Il faut être naïf pour croire que les risques, après l’annonce des résultats de l’élection présidentielle, sont inexistants. En effet, depuis quelques semaines, tous les ingrédients d’un éventuel dérapage sont réunies. De la même manière, la fin de la campagne électorale est marquée par les excès de langage, voire des menaces. En fait, entre un Ali Benflis qui avertit de ne pas se taire en cas de fraude et le clan Bouteflika qui l’accuse de terroriste, le peuple algérien se trouve entre deux feux. Cela dit, bien que le parti pris de l’administration, des médias, puisse être assimilé aussi à une forme de « terrorisme », force est de reconnaître qu’en cas de violence la seule victime sera l’Algérie.

Mais, puisque chaque clan essaie de justifier le recours à la force en accusant l’autre clan, le peuple algérien doit les renvoyer dos à dos. Il doit leur rappeler que cette violence contre le pays ne date d’hier. En effet, depuis le recouvrement de l’indépendance -le pays a accédé certes à l’indépendance, mais son peuple est toujours subjugué -, les dirigeants se maintiennent par la force. Et quand le régime lâche un peu de lest, il le fait dans l’espoir de revenir, dans un futur proche, sur ces acquis. Du coup, tout ce qu’a été concédé dans les années 1980-1990 est aujourd’hui un souvenir lointain.

Incontestablement, celui qui a porté le dernier coup d’estocade à ces petits espaces, de surcroît contrôlés, c’est A, Bouteflika. Alors qu’il arrive au pouvoir dans une conjoncture financière favorable, depuis quinze ans, il mobilise l’argent des Algériens pour étouffer leur voix. Par conséquent, en phagocytant les partis politiques et les organisations indépendantes, sa responsabilité dans tout ce qui va arriver à l’Algérie est totalement engagée. Car, avant qu’il prévienne contre l’usage de la violence, il faudrait qu’il sache que sa politique a, elle aussi, mené le pays à la dérive. Ne trouvant aucun cadre dans lequel ils peuvent se prendre en charge, les Algériens n’ont d’autres choix que de recourir aux actions contestataires. Or, qui dit contestation, dit forcément rejet. Ainsi, après avoir étouffé la société, les Algériens veulent surtout sanctionner les gens qui gravitent autour de Bouteflika, et ce, afin de mettre fin aux fonctions de ces voleurs qui dilapident les richesses nationales. Aujourd’hui, 15 avril 2014, on apprend que le secrétaire général du FLN, Amar Saidani, possède deux appartements à Paris et un compte en devise d’une valeur de 300 millions d’euros.
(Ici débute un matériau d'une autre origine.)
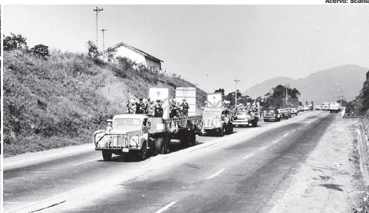
LÁ VAI O OURO... Caminhões Scania são carregados e depois puxam o cortejo pela Via Anchieta: levam o ouro e o dinheiro arrecadados, em direção ao Porto de Santos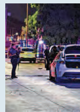
Tres muertos y cinco heridos durante una balacera.

El menor fue dado de alta, pero el resto de su familia continúa hospitalizada y su padre sigue en terapia intensiva, según la Secretaría de Salud.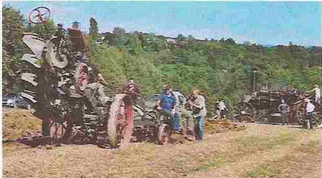
Der 4-Schar Kipp-Pflug wird mit einem 23 mm dickem und 500 Meter langem Stahldrahtseil über das Feld gezogen.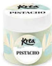
KREA PISTACHO 1 Ref.: 00195 150ml

Par ailleurs, bien que le rival de Bouteflika ne soit pas aussi différent de lui, il va de soi que les Algériens ne veulent pas qu’une telle équipe soit reconduite à la tête de l’État. En tout cas, si les Algériens ne savent pas ce qu’ils veulent, ils savent en revanche, ce qu’ils ne veulent pas : que les richesses de ce pays profitent aux responsables et à leurs proches. C’est ce qu’on a pu constater lors des meetings en faveur du candidat Bouteflika. En effet, dans plusieurs wilayas du pays, l’emprise d’un clan sur l’Algérie est nettement rejetée.

Hélas, ce rejet peut être aussi porteur de danger. Du coup, la question qui taraude mon esprit est la suivante : étant donné les accusations des uns et des autres, les deux rivaux accepteront-ils les résultats ? Cela dit, dans la réalité, il faut quand même dire que s’il y a fraude, celle-ci profitera plutôt à Bouteflika. C’est en ce sens que les risques d’instabilité peuvent être évoqués.

Pour conclure, il est évident que l’Algérie doit retenir son souffle pendant les deux jours qui nous séparent du scrutin de tous les dangers. Comme le pensent tous les Algériens dans leur for intérieur, il me semble que ce qui est raisonnable à dire en ce moment, c’est « allah Yestor ». Mais, le peuple algérien ne doit pas rester, après la tenue de ce scrutin, bras croisés. Pour éviter qu’un tel scénario se renouvelle, il faudra que le peuple investisse le terrain. Avec tous les acteurs qui souhaitent une transition pacifique, il devra absolument assumer ses responsabilités.